The following diagram illustrates the complete architecture of the Customer Support Copilot AI System, highlighting the flow from user interaction to AI-driven insights.

🧩 Architecture Overview


🛠️ Design Decisions

  1. Fallback Heuristics: Even without an OpenAI API key, the app still classifies tickets using rule-based heuristics.

  2. Local Persistence: Chroma DB persistence ensures embeddings don’t need to be regenerated every run.

  3. Lightweight & Minimal: No heavy dependencies are used outside of requirements.txt, making the app easy to run locally.

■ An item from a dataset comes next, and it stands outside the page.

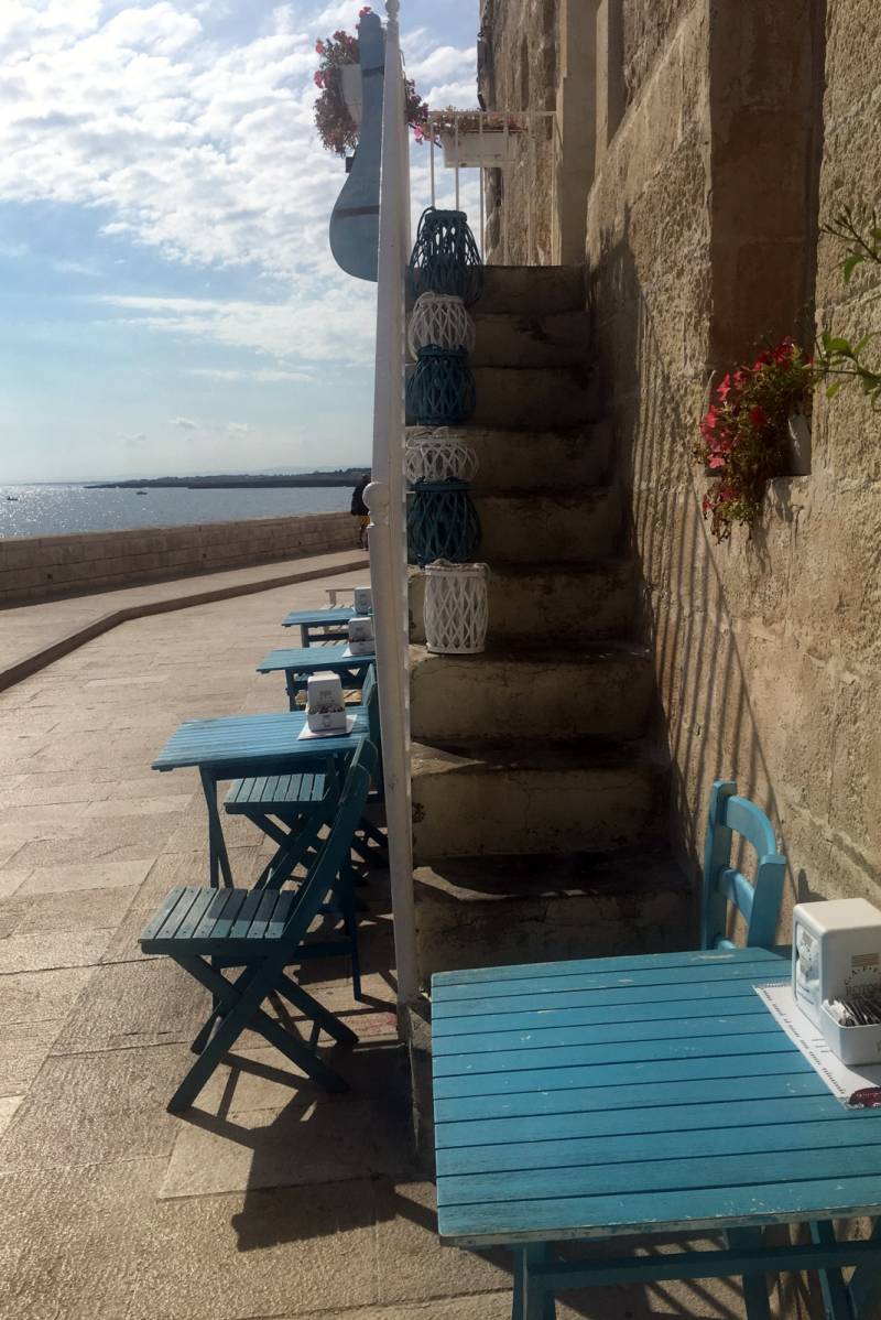 We parkeren de scooter en wandelen de zone 'pedonale' in en blijven langs de oude vestingwerken aan de kust lopen. Het zonnetje schijnt en dat versterkt het pittoreske beeld van de bedrijvigheid hier aan de haven. Op hun gemak voeren de mensen hun taken uit, zo zitten wat vissers hun netten te boeten, is een oudere man bezig met het splitsen van touw voor een nieuw kabeloog en een volgende slaat op de kade de inkt uit een inktvis. Onderweg strijken we neer op een terrasje en genieten in het zonnetje van een extra ontbijt en de superview over zee.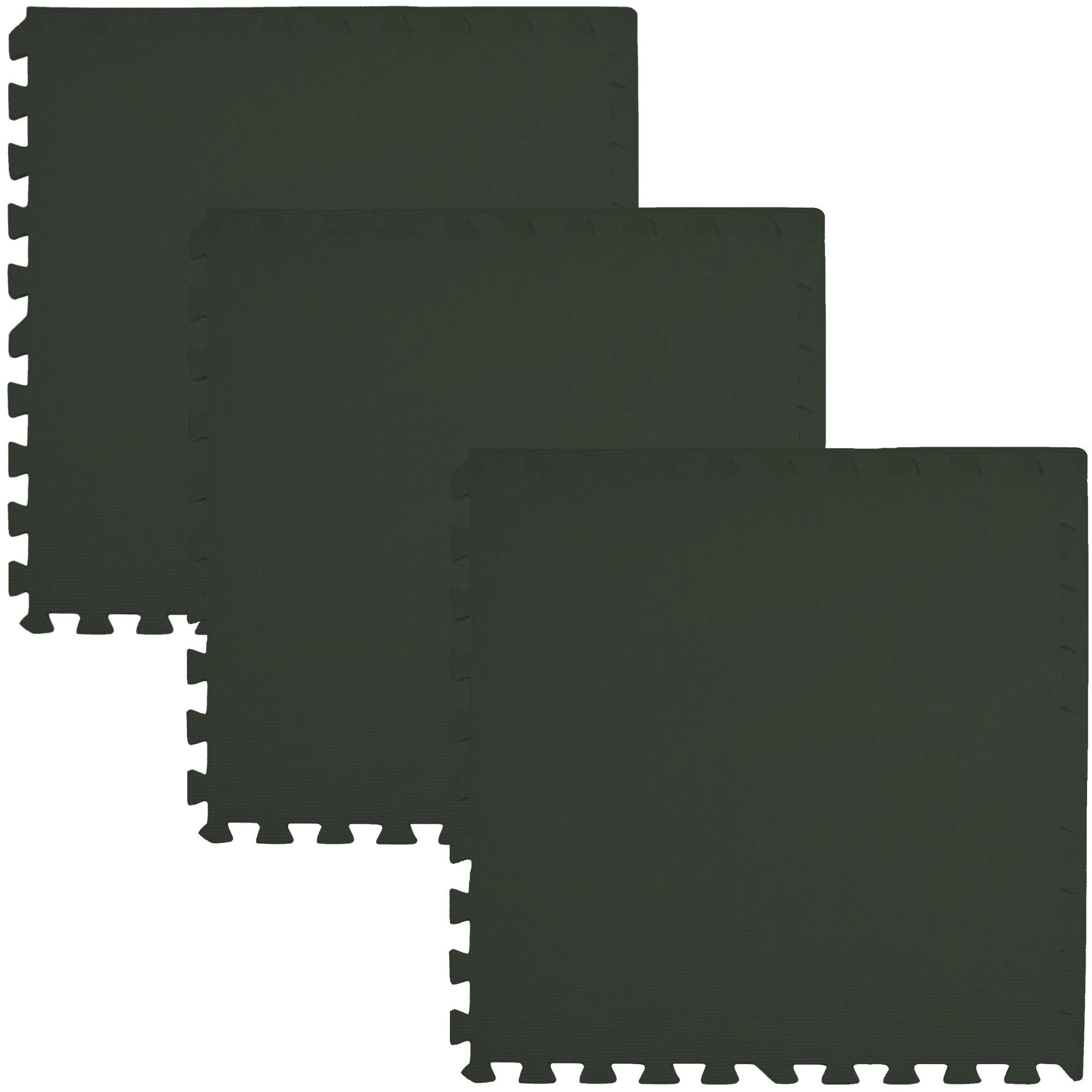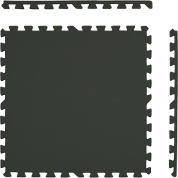 Grote 60 × 60 cm tegels met puzzelsluitingen en 18 randstrips maken het mogelijk snel een netjes afgewerkte oppervlakte te leggen, precies passend bij de ruimte.

  4. Dual Mode (API / No API): Designed to run in constrained environments (no external API calls). If an OpenAI key is present, GPT models are used; otherwise, heuristics + local retrieval ensure continuity.


🔑 Key Learnings

  • Practical use of RAG (Retrieval-Augmented Generation) in a support assistant.
  • Trade-offs between heuristic classification and LLM-based classification.
  • Best practices for structuring AI apps with a clean, documented repo.

✅ Task Completion Status

  • Bulk Ticket Classification – Successfully implemented ticket classification for multiple tickets with topic, sentiment, priority, and confidence scores.
  • RAG-backed Assistant Integration – Implemented a retrieval-augmented generation pipeline using Chroma DB for local persistence, capable of answering tickets/questions based on ingested documentation.
  • Streamlit UI Development – Built an intuitive web interface with separate tabs for bulk ticket dashboard and interactive ticket assistant.
  • Comprehensive Documentation – Provided clear setup instructions, project structure, and usage guidelines in README.md and submission.md.
  • Future Enhancements – Potential improvements include refining the UI/UX, integrating advanced classification models, expanding SDK documentation for more accurate RAG responses, and adding automated testing for pipeline validation.

📜 License

This project is for internship evaluation purposes only under Atlan’s AI Engineer program. If reusing this work, please ensure proper attribution and follow open-source license guidelines.